わらって、すきっていって。

えっちゃんたちがお土産屋さんに入ったので、わたしたちも続くようにして入った。

きょろきょろ店内を見回している斜め上の顔を見て、指先が震えた。ついでに心臓も震えた。

ううん。心臓はさっきからずっと、わけ分かんないスピードで震え続けている。


「ほっ、本城くんはなに買うの?」

「どうしようかな。とりあえず両親になんか食いもんと、それから妹になんかかわいいストラップでも買おうかなって思ってんだけど……」


妹さんがいるんだ。本城くんの家族のことを聞くのははじめてで、どきどきした。

どんな妹さんなんだろう。本城くんの妹なんだから、きっとかわいいに決まっている。


「どういうのがいいんだろ。ちなみに安西さんだったらどれがいい?」

「えっ、わたし?」

「うん。女子が喜びそうなやつって分かんなくてさ」


なんと、責任重大だ。

たくさんのストラップがぶら下がっている棚をくるくる回して、にらめっこしていると、隣で本城くんが笑った。

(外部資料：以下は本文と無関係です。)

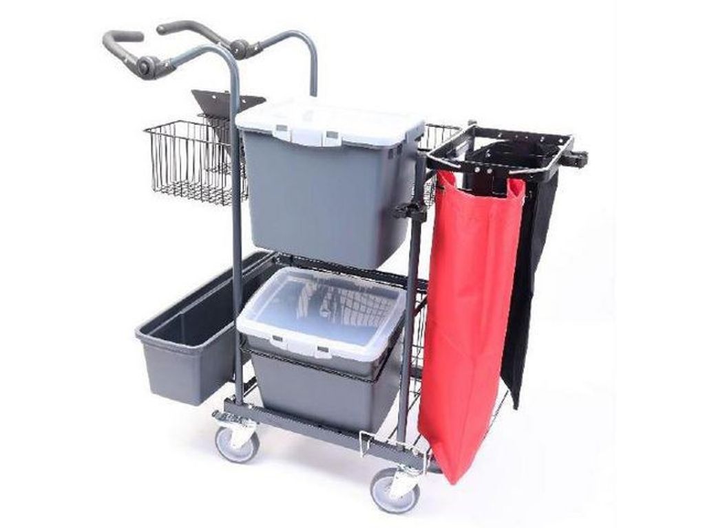 Ergonomisk reglerbart handtag med mjukt grepp. 2st 25l back med snäpplock. 4st trådkorg, total volym ca 80l. Stor svart och röd tvättpåse. Plats för 3 stativ. Tröskelklättrare och mopplåda 60cm. 125mm kvalitétshjul för inom och utomhusbruk varav ett med totalbroms. Skrivplatta och flaskhållare. - Mått: (LxBxH) 105 x 68 x 112 cm

「そんな時間かけてっと、安西さんがお土産買う時間なくなるよ」

「で、でも、こんな任務をテキトーに終わらせるわけには……」

「ぶふっ」


また笑われた。本城くんはよく笑うひとだ。優しい笑顔を、自然に浮かべられるひとだ。

形のいいくちびるのあいだからのぞいたかわいい八重歯に、心臓をがしっと掴まれる。もう何度も掴まれているけれど、何度だって、掴まれる。

火照る顔をごまかすために、思わず目の前にあったネコのストラップを手に取った。